PROBLEM DETAILS:
Below is a listing; retype exactly the lines between the one containing "春と秋に着用する男性用のレイ" and the one containing "De paso, os", inclusive, minus the pictures.

RECORDS PROVIDED:

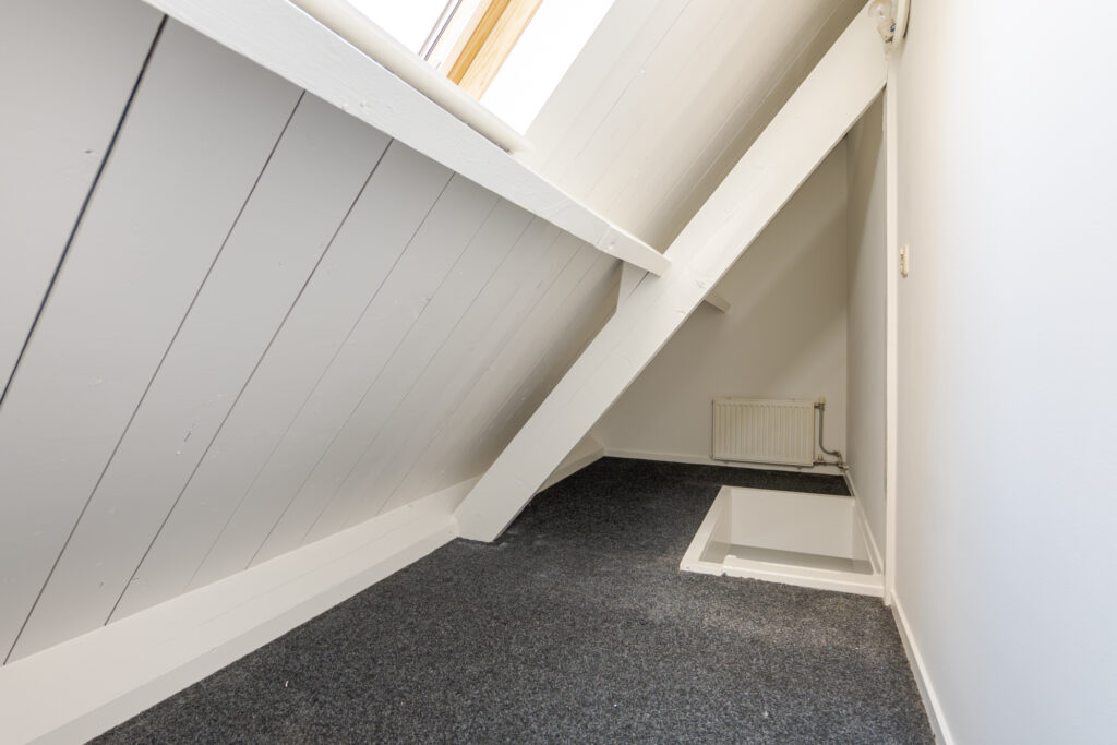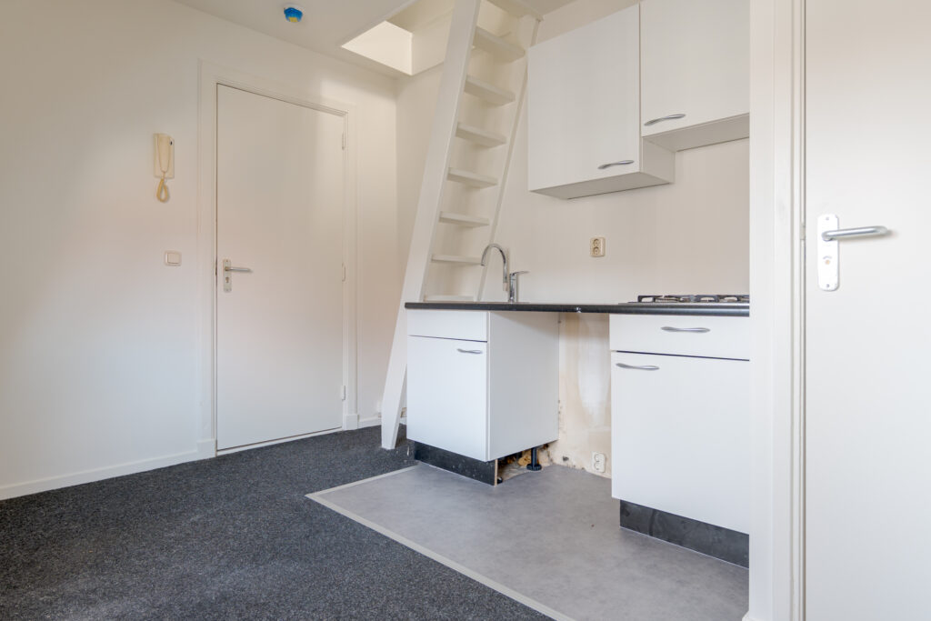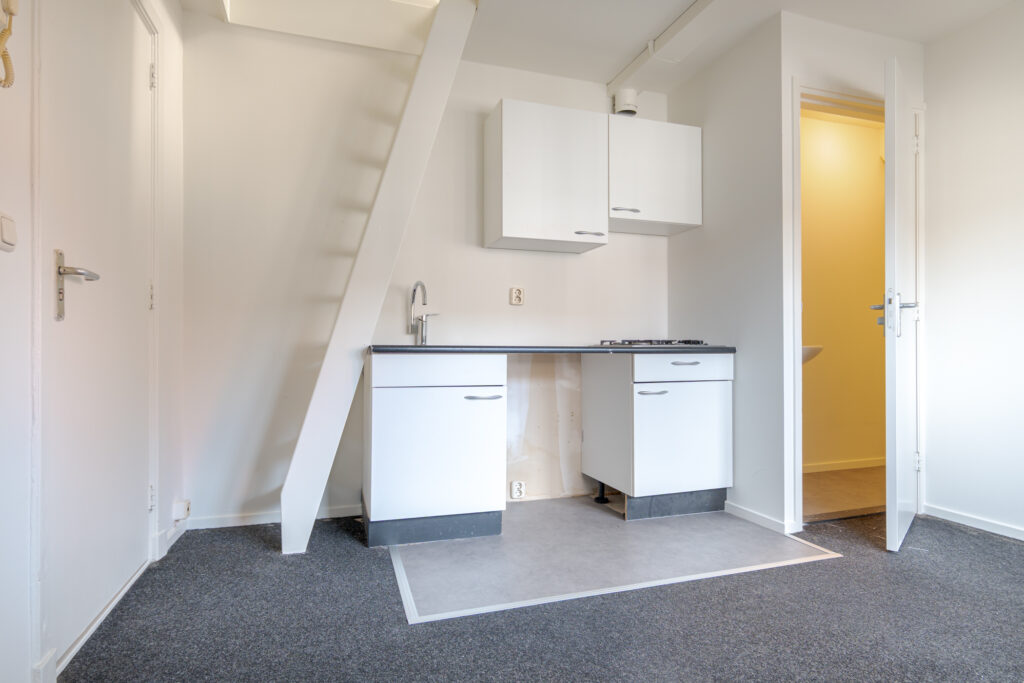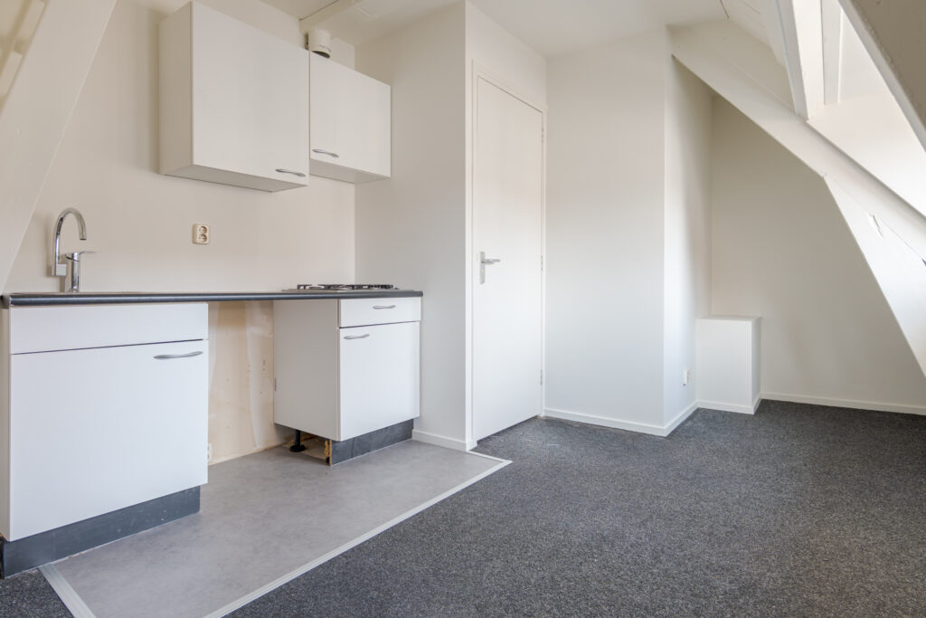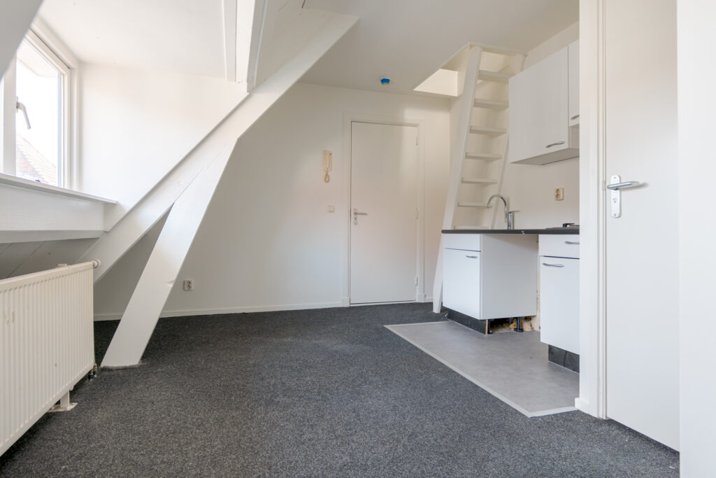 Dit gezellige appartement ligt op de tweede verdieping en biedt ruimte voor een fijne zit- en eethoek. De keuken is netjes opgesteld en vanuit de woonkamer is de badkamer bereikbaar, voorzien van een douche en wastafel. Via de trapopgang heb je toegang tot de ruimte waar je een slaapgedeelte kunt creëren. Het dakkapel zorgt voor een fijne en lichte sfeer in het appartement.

* * *

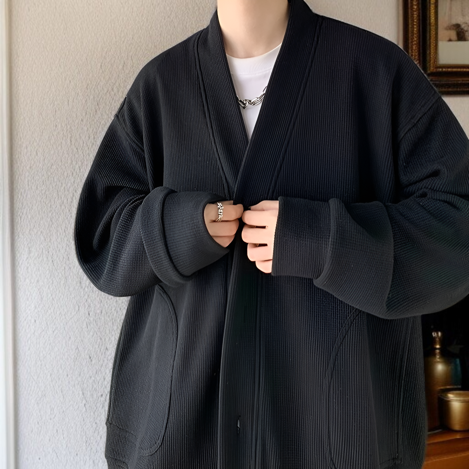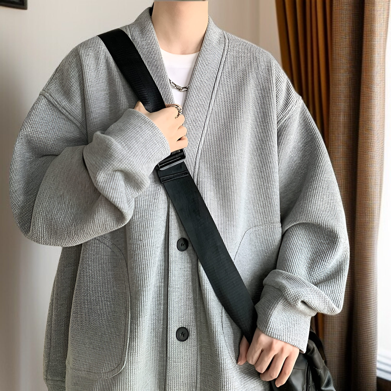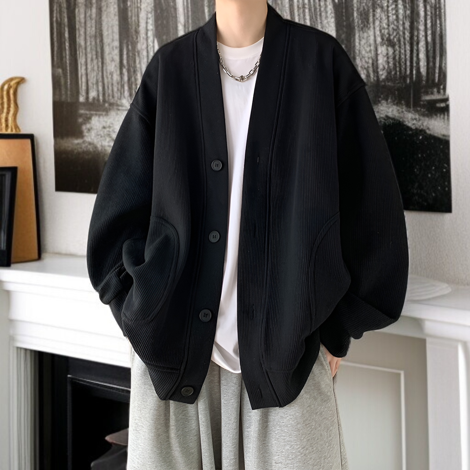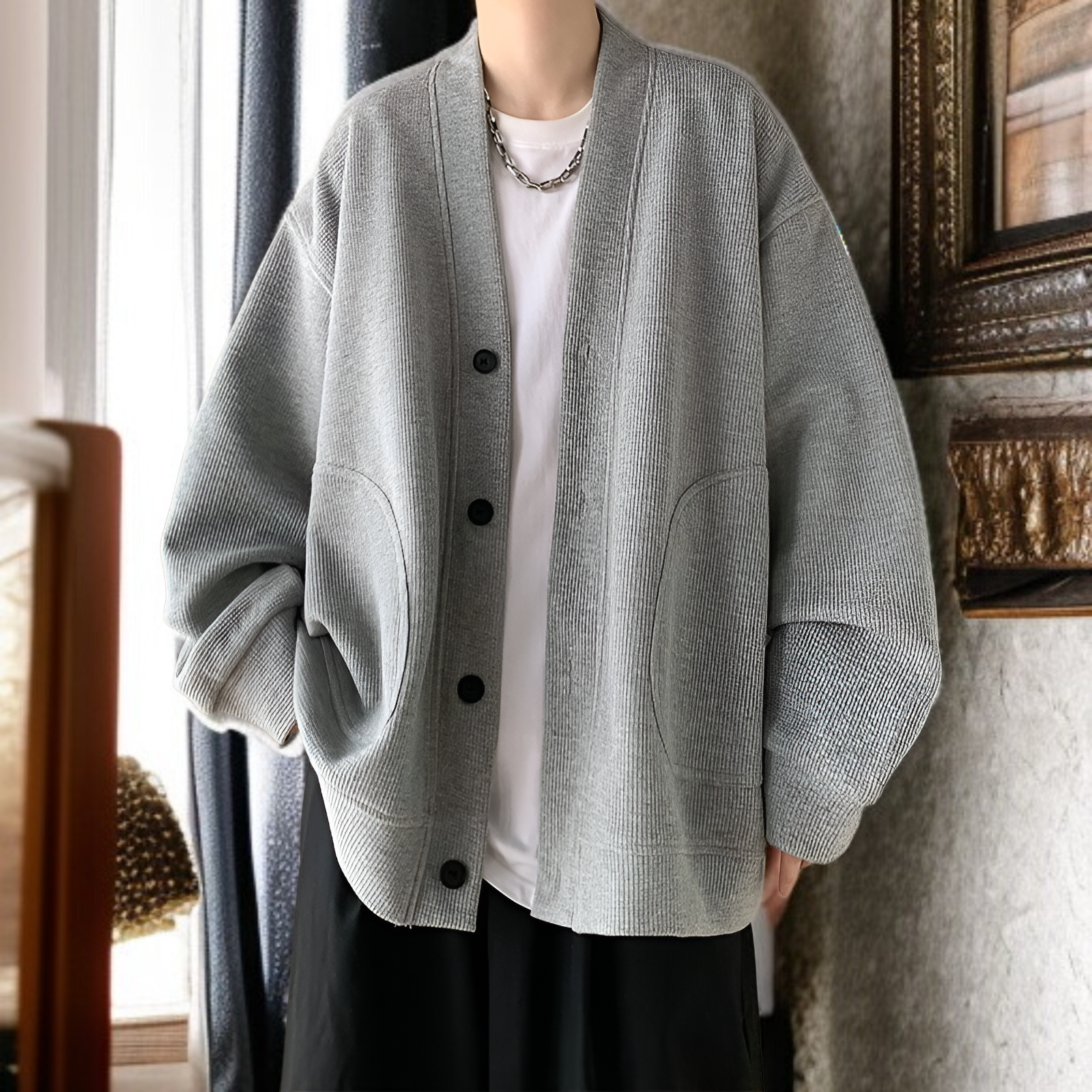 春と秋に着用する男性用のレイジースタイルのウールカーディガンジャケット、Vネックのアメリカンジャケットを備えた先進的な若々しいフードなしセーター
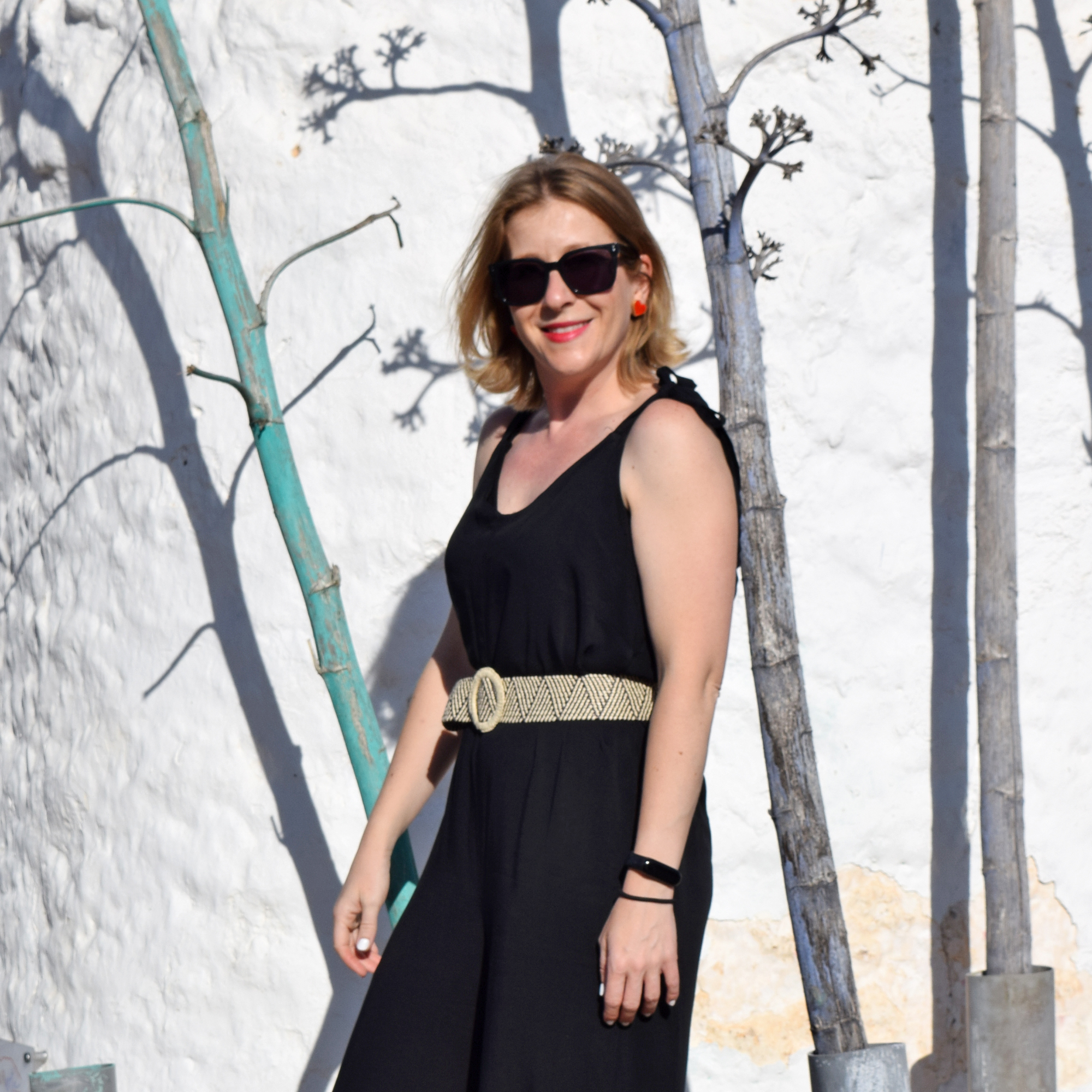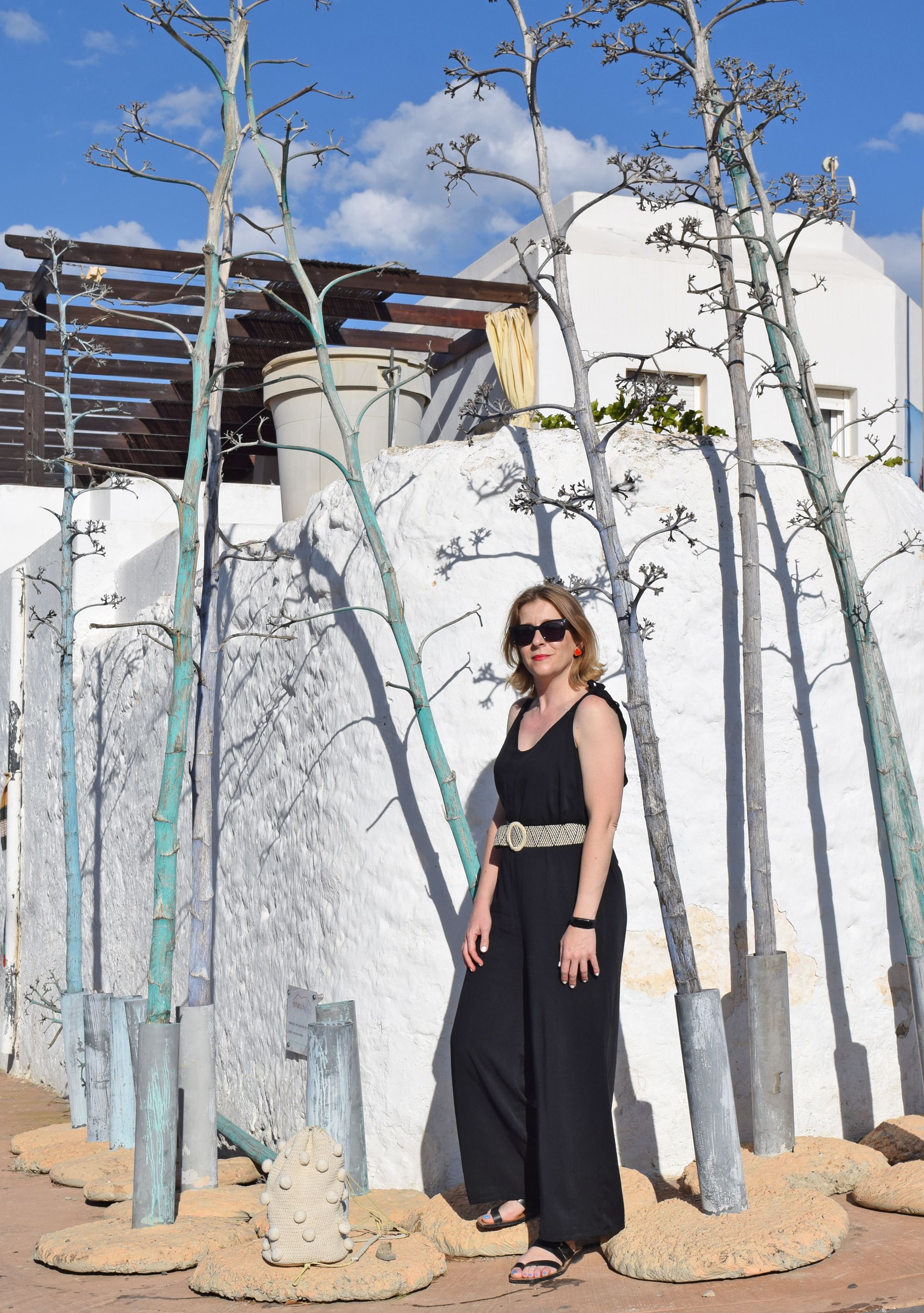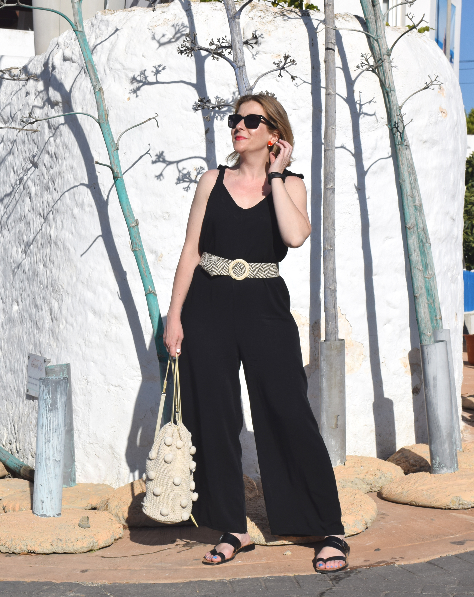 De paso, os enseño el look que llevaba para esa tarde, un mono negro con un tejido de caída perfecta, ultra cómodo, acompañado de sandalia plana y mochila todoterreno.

---

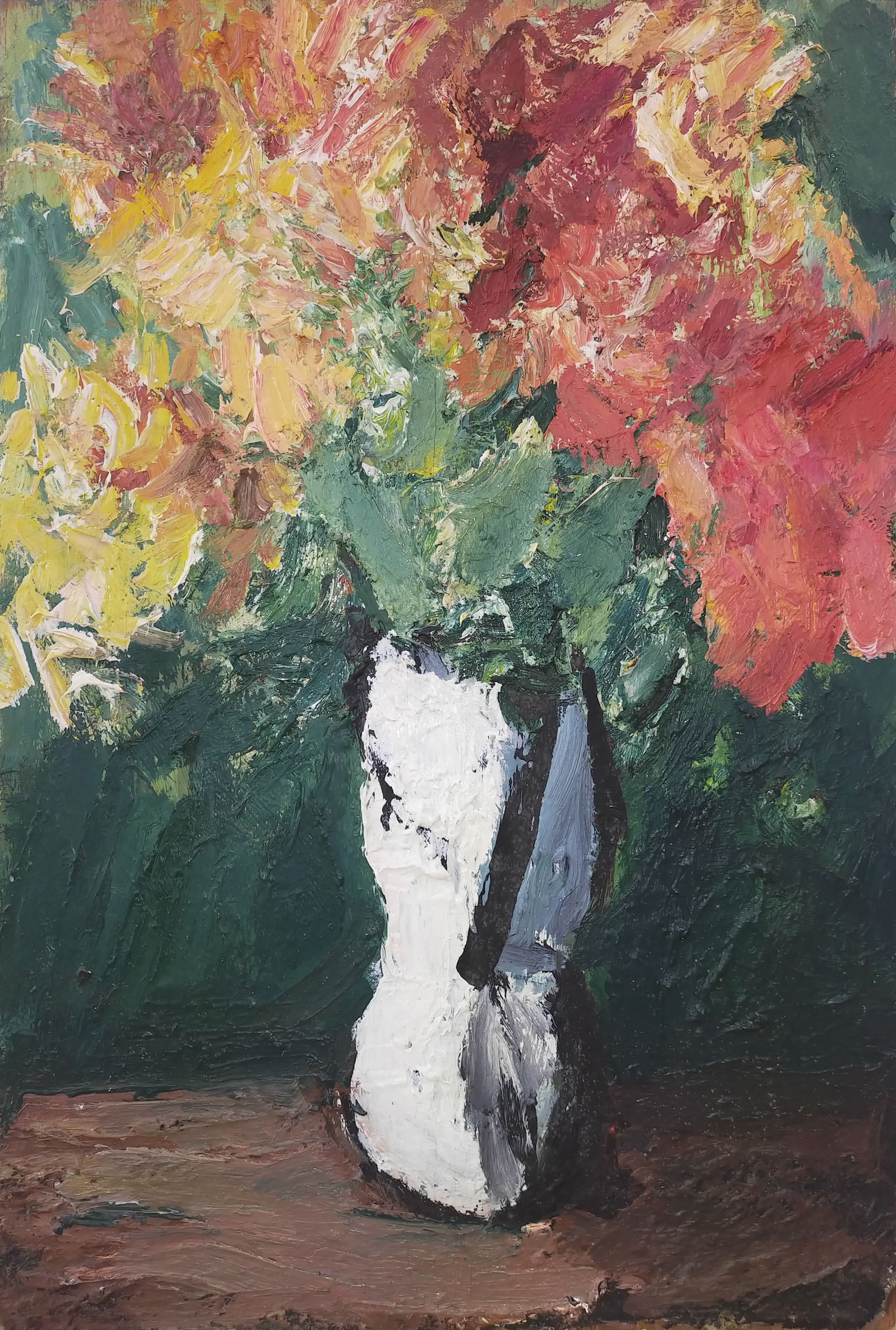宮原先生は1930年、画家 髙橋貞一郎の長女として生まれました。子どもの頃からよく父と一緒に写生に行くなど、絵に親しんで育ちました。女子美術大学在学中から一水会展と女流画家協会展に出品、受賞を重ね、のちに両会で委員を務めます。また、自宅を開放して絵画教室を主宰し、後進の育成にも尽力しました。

SOLUTION FOR THIS PROBLEM:
 春と秋に着用する男性用のレイジースタイルのウールカーディガンジャケット、Vネックのアメリカンジャケットを備えた先進的な若々しいフードなしセーター
 De paso, os enseño el look que llevaba para esa tarde, un mono negro con un tejido de caída perfecta, ultra cómodo, acompañado de sandalia plana y mochila todoterreno.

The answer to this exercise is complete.